_ASSIGNMENT_
Reproduce the listing below exactly. Pictures do not belong in the copy.
DATA SEGMENT below:
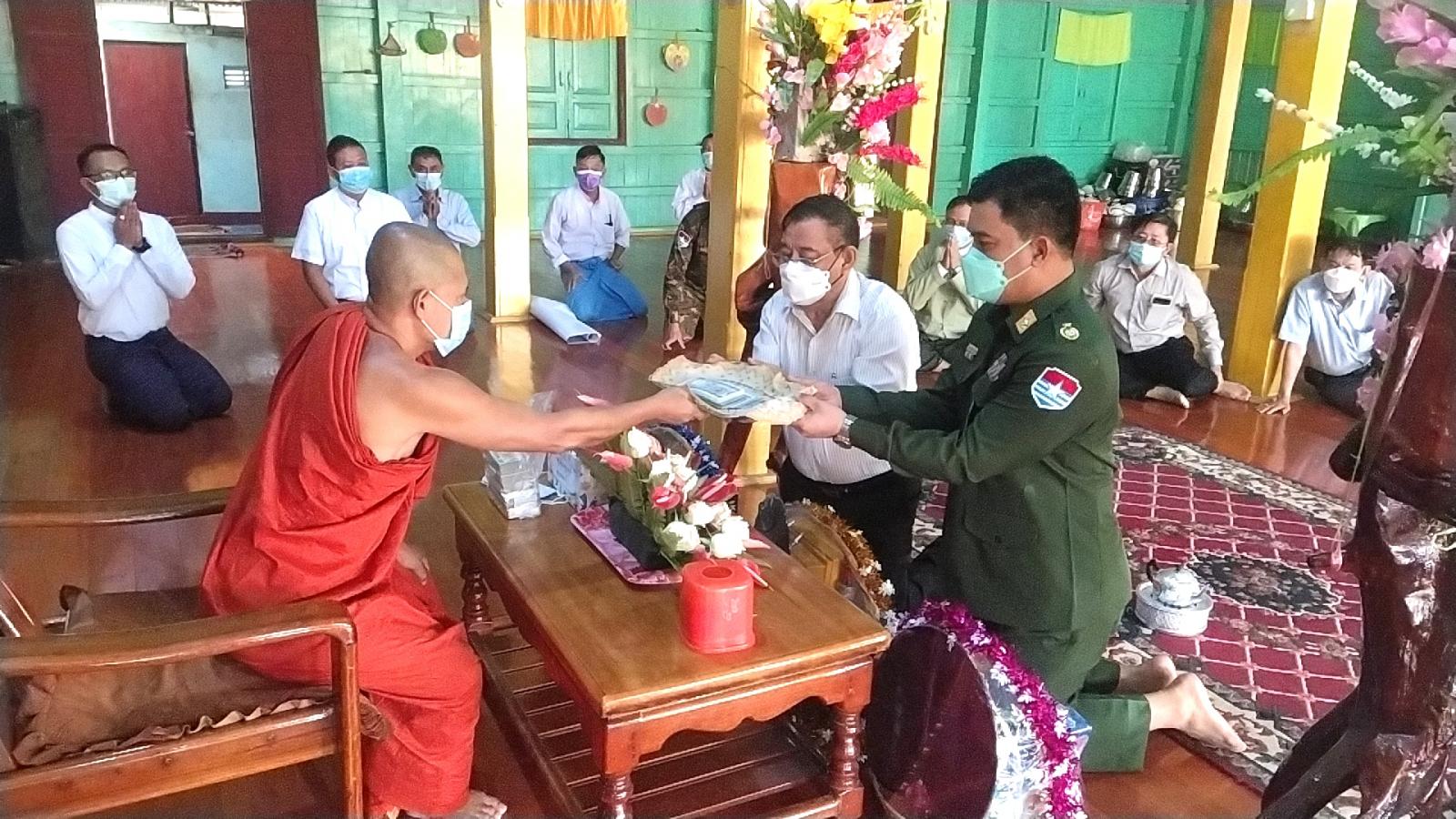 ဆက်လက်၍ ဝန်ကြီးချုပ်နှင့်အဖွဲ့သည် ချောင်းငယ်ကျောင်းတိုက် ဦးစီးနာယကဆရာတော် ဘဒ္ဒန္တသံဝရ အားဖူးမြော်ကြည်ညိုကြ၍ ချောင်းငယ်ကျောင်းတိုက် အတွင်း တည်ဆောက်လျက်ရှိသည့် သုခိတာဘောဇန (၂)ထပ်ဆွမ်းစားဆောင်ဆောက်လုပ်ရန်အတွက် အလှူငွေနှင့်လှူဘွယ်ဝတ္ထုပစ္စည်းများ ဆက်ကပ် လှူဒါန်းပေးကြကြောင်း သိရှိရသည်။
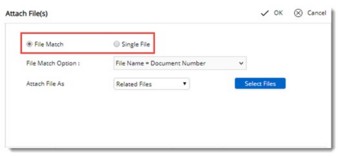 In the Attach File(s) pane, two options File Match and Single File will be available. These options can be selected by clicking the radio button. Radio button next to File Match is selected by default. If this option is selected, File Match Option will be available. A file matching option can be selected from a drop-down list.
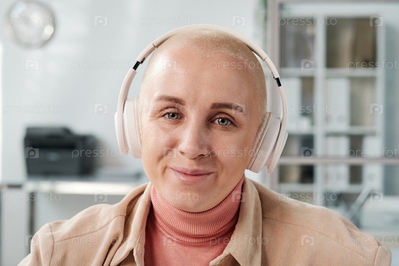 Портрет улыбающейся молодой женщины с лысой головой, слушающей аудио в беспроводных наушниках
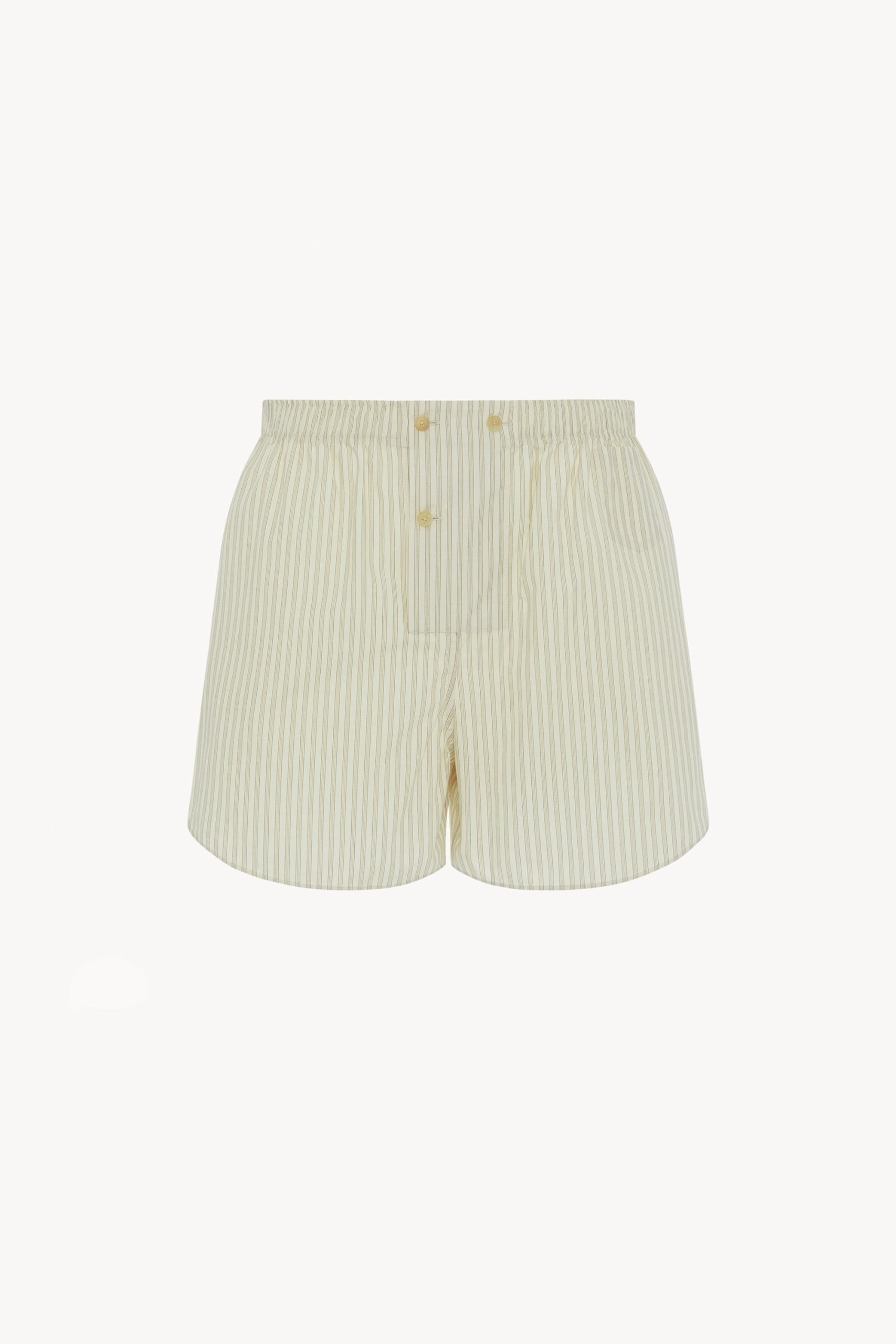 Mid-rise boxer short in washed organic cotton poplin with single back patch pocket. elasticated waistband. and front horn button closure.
End of DATA SEGMENT.
_RESPONSE AREA_
 ဆက်လက်၍ ဝန်ကြီးချုပ်နှင့်အဖွဲ့သည် ချောင်းငယ်ကျောင်းတိုက် ဦးစီးနာယကဆရာတော် ဘဒ္ဒန္တသံဝရ အားဖူးမြော်ကြည်ညိုကြ၍ ချောင်းငယ်ကျောင်းတိုက် အတွင်း တည်ဆောက်လျက်ရှိသည့် သုခိတာဘောဇန (၂)ထပ်ဆွမ်းစားဆောင်ဆောက်လုပ်ရန်အတွက် အလှူငွေနှင့်လှူဘွယ်ဝတ္ထုပစ္စည်းများ ဆက်ကပ် လှူဒါန်းပေးကြကြောင်း သိရှိရသည်။
 In the Attach File(s) pane, two options File Match and Single File will be available. These options can be selected by clicking the radio button. Radio button next to File Match is selected by default. If this option is selected, File Match Option will be available. A file matching option can be selected from a drop-down list.
 Портрет улыбающейся молодой женщины с лысой головой, слушающей аудио в беспроводных наушниках
 Mid-rise boxer short in washed organic cotton poplin with single back patch pocket. elasticated waistband. and front horn button closure.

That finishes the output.